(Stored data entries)

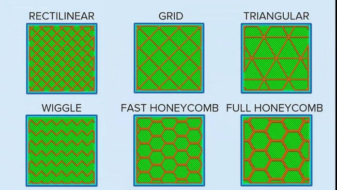 از این ویژگی برای تعیین الگوی بافت چاپ لایه های بخش درونی مدل استفاده میگردد. به طور معمول الگوی honeycomb کاربرد زیادی دارد. به صورت پیش فرض نیز در نرم افزارهای پرینتر سه بعدی نیز همین گزینه فعال است. در عکس زیر انواع الگوهای بافت بیرونی لایه داخلی مدل را مشاهده میکنید:
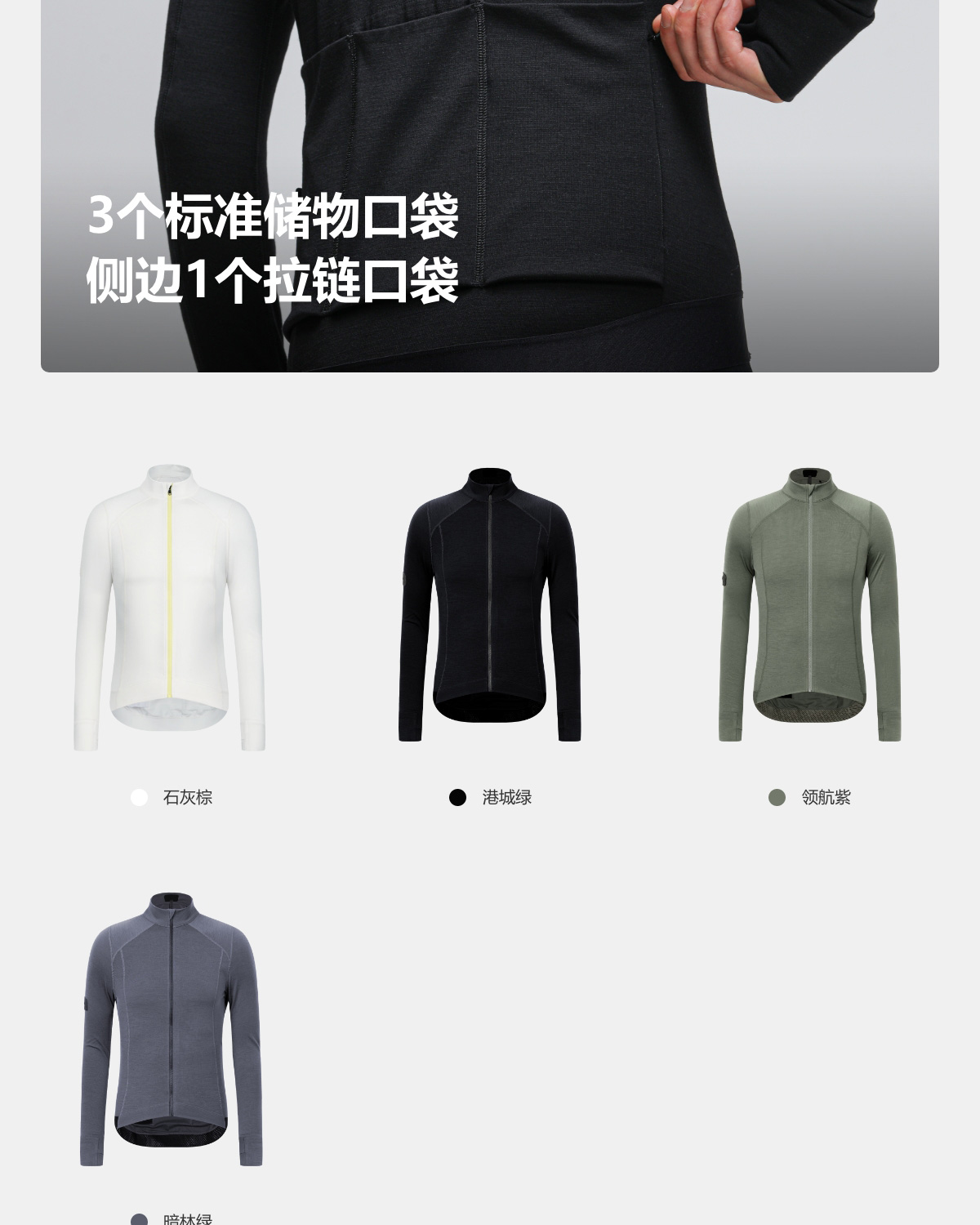 GRC桀骜无尽全天候美利奴羊毛长袖上衣保暖公路自行车骑行服男士
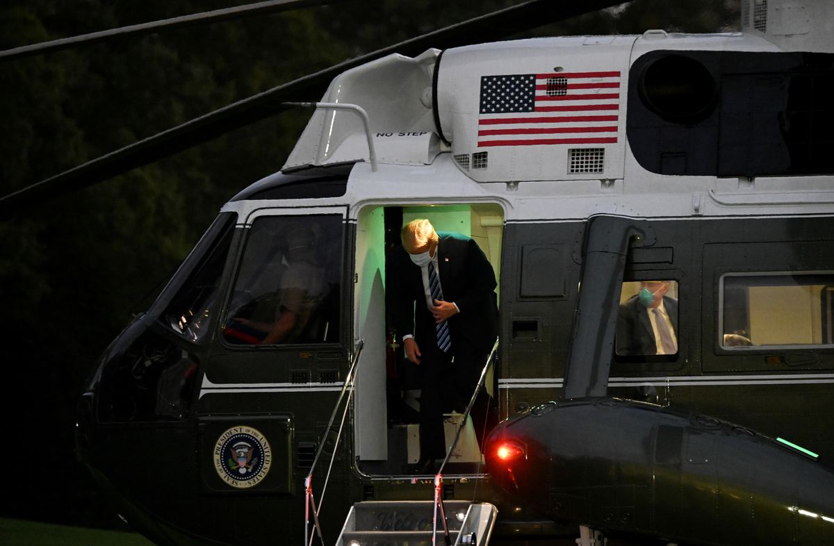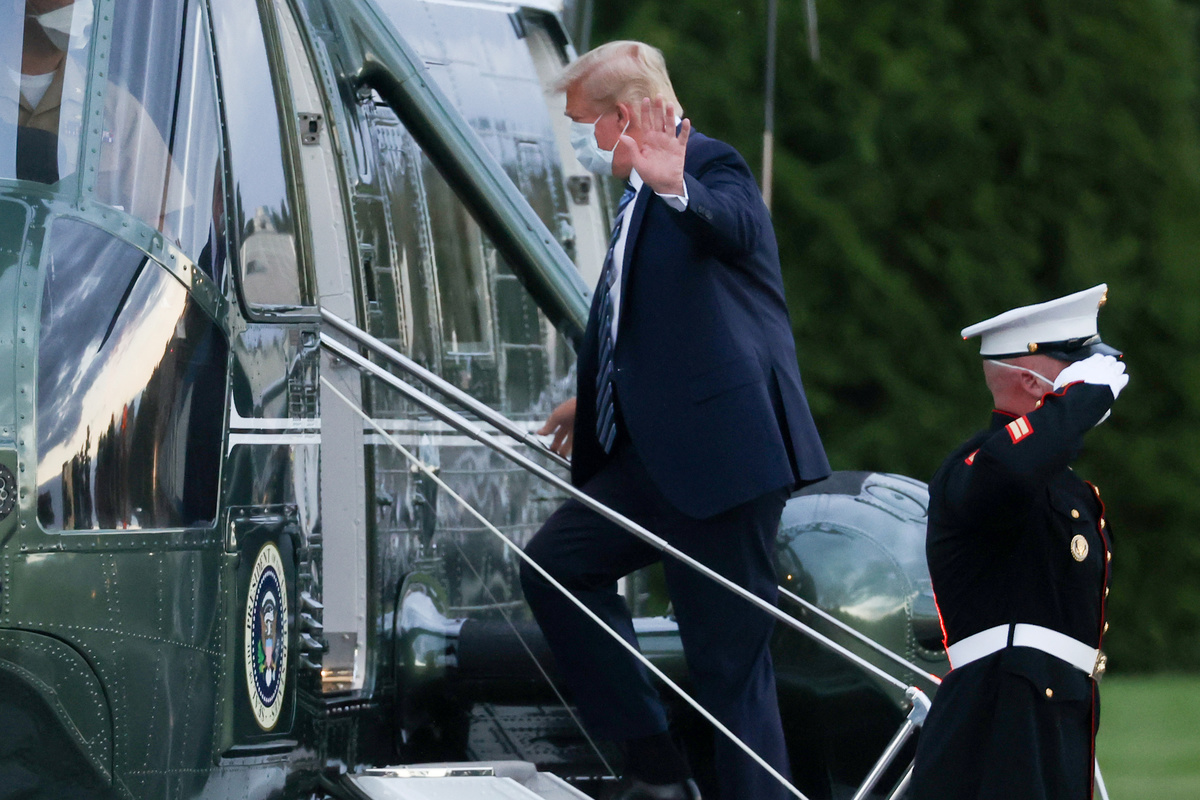 Trump wore a mask as he left the helicopter that flew him back from a military hospital outside Washington and climbed the stairs of the White House South Portico, where he removed it and posed for pictures, waving, saluting and giving thumbs-up signs.
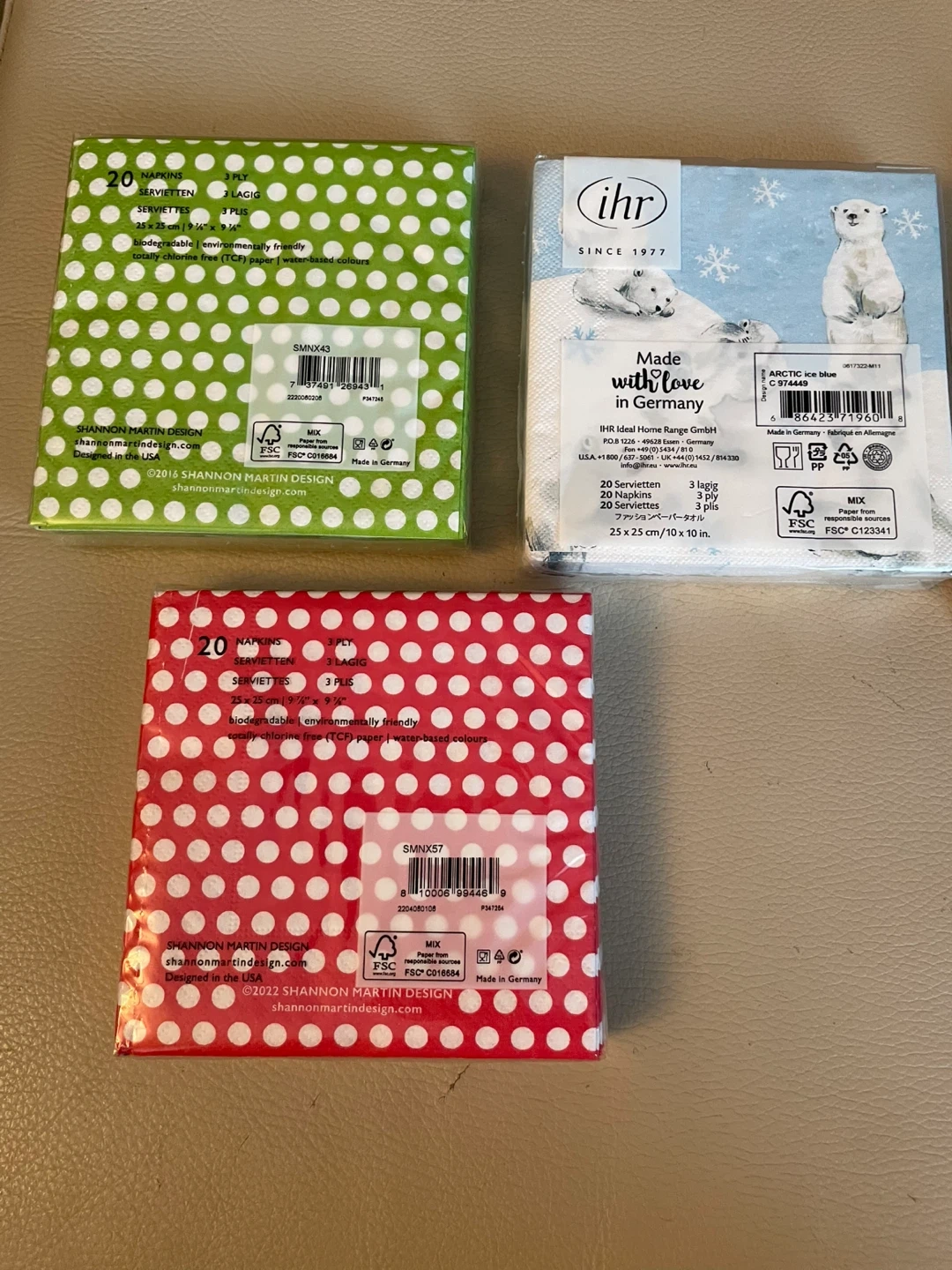 Selling a bundle of 3 packages of new holiday paper napkins in Bev size . 25cm printed on all four sides .
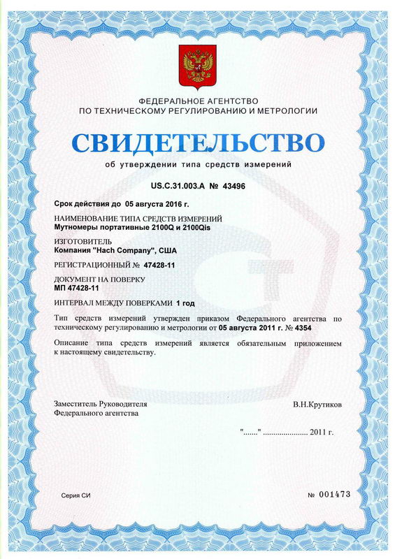 Поверка осуществляется по документу «Мутномеры портативные 2100Q и 2100Qis. Методика поверки», утвержденному ГЦИ СИ ФГУП «ВНИИОФИ» «27» мая 2011г.
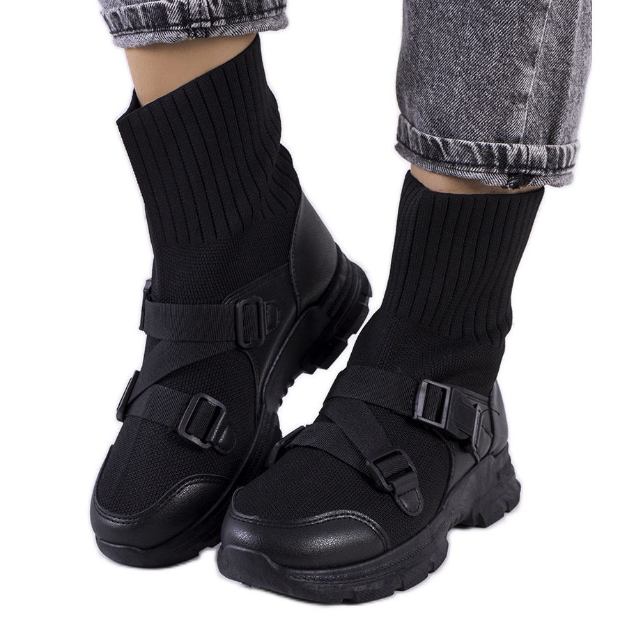Entdecken Sie eine neue Dimension des urbanen Stils mit schwarzen Saker-Sneakern, die Komfort mit modernem Design verbinden. Diese modischen Schuhe mit hohen Sohlen sind die perfekte Basis für ein Alltags-Styling, das mit Sicherheit die Blicke auf sich zieht. Das Obermaterial aus einer Kombination aus Textilmaterial und Faux-Wildleder reicht bis über den Knöchel, was nicht nur Originalität verleiht, sondern auch ausreichend Halt bietet. Der verstellbare Riemen ermöglicht eine individuelle Anpassung, was den Tragekomfort erhöht.

§ **WHAT YOU HAVE TO DO**: Please output, exactly as written, the lines above from the one holding "GRC桀骜无尽全天候美利奴羊毛长袖上衣保暖公路自行车骑行服男士" through the one holding "Selling a bundle", both included, with the pictures omitted.

§ **RESPONSE AREA**:
 GRC桀骜无尽全天候美利奴羊毛长袖上衣保暖公路自行车骑行服男士
 Trump wore a mask as he left the helicopter that flew him back from a military hospital outside Washington and climbed the stairs of the White House South Portico, where he removed it and posed for pictures, waving, saluting and giving thumbs-up signs.
 Selling a bundle of 3 packages of new holiday paper napkins in Bev size . 25cm printed on all four sides .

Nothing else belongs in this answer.